Microsoft Reader (LIT) Format: Printing DISABLED, Read-Aloud ENABLED
Adobe Acrobat (PDF) Format:  Printing DISABLED, Read-Aloud DISABLED
All Other formats: Printing DISABLED, Read-aloud DISABLED


"In Paul Levinson's "A Medal for Harry" the close of the 21st century finds Japan the undisputed technological and economic master of the globe. The Japanese people, however, are insecure in their supremacy without a "why" to explain the "what" of their good fortune. Levinson provides it, in a provocative and disturbing tale."--Strangeworlds


"Hai!" The waiter bowed quickly and receded like the warm wind in autumn. Masazumi "Harry" Harihoto knew he would soon have the freshest tekkamaki in New York on his plate. He also knew he wouldn't enjoy a bit of it.

He looked at the rice papers, the rows and rows of crisp, translucent rice papers on his lap, and shook his head.

Somehow the neat lasered letters were out of place on this ancient kind of paper. Such letters belonged on screens; the delicate paper deserved the tender ministrations of a pen in hand. The combination of the two--the government's requirement, its attempt to cling to some tradition in a written realm otherwise given over to virtual glyphs--made him uneasy.

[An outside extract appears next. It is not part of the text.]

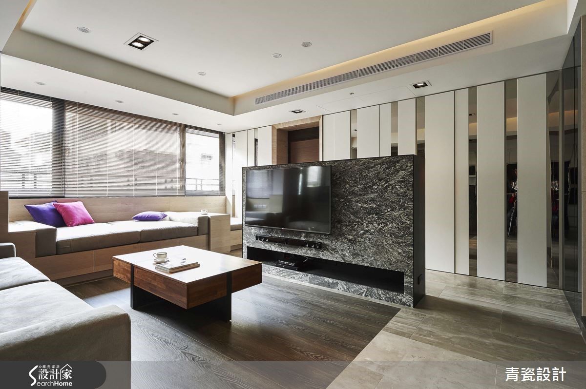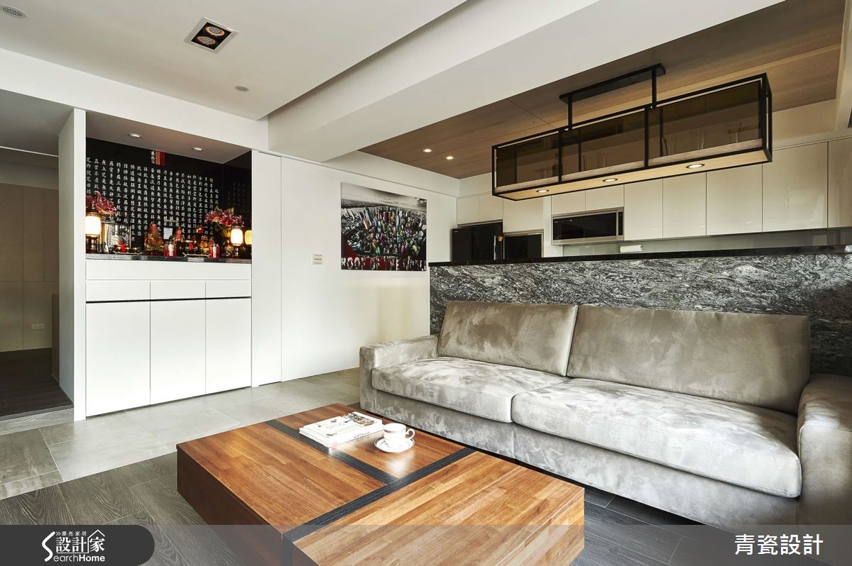 40几年的空间,在设计师重划之下,划分三室三卫与开放公共区的新格局,成就宽敞明亮的空间基调;同时添入现代线条,藉由自然材质与细节收边,提升设计感,将老屋彻底改头换面,网罗风格与机能,重展新面貌。【造矮墙、破隔断,扩容视觉】在居家的公共领域中,设计师给予流畅的开放动线,规划带有展示机能的电视墙界定玄关与厅区,并采以矮墙规划,赋予延伸的视觉感,搭配放大开窗与飘窗设计,让客厅延展放大。原有的封闭厨房则拆除隔断,改以开放处理,备有电器柜与水槽、炉火区,以吧台搭配铁件茶玻吊柜作出场域分野,避免宽敞视线受阻。沿着居家立面规划开放式佛龛,除了讲究尺寸方位外,更以素雅黑白底调、搭配右侧墙面挂画,减缓传统佛堂的突兀感。 此外,设计师在公共地带转进私密区的过渡处,将走道稍作放大,搭配桌面与书柜规划,不仅提供一处开放阅读书房,也替卧室区争取更大的缓冲空间。主卧的床头设计则以灰咖啡色调为呈现,两侧妆点茶镜,铺陈出时尚高雅感。

What the letters said--the report he would deliver tomorrow--was even more disturbing.

In fact, it might well make him the most hated person in Japan.

* * * *

Harry had few illusions, especially about who he was. An unknown, though hardworking, psychometric bio-historian. One of many researchers caught up in his nation's obsession to find out why they had become the undisputed global power on Earth by the middle of the 21st century. Computer chips like jewels that made the world run; space stations that gleamed in the sky; pearls of bio-mass in the seas to jump-start the food-chain; and all the gems were Japanese.

Oh, everyone was aware of the proximate reason. The 21st century was the most earthquake-prone in recent history. No one knew why. But Japan had finally come up with buildings that stood up to earthquakes, a saving interface for cities that shook like castanets. "Neuro-spine" construction, the media called it. Grids ran through the centers of buildings with sensors in every room, every tile, every wall, every floor--self-sufficient networks of such intelligence and power that they could change the arrangement of those rooms, tiles, walls, floors literally as an earthquake hit. The skyscraper became a lean, tall surfer, expertly negotiating the massive waves below, bending here, leaning just right there, so that it stood proud with just a splash or two of water on its face, a pittance from a faucet, when the drum roll was over. Neuro-spine rigging worked just as well against a terrorist attack on a building, though none had occurred since the 2040s.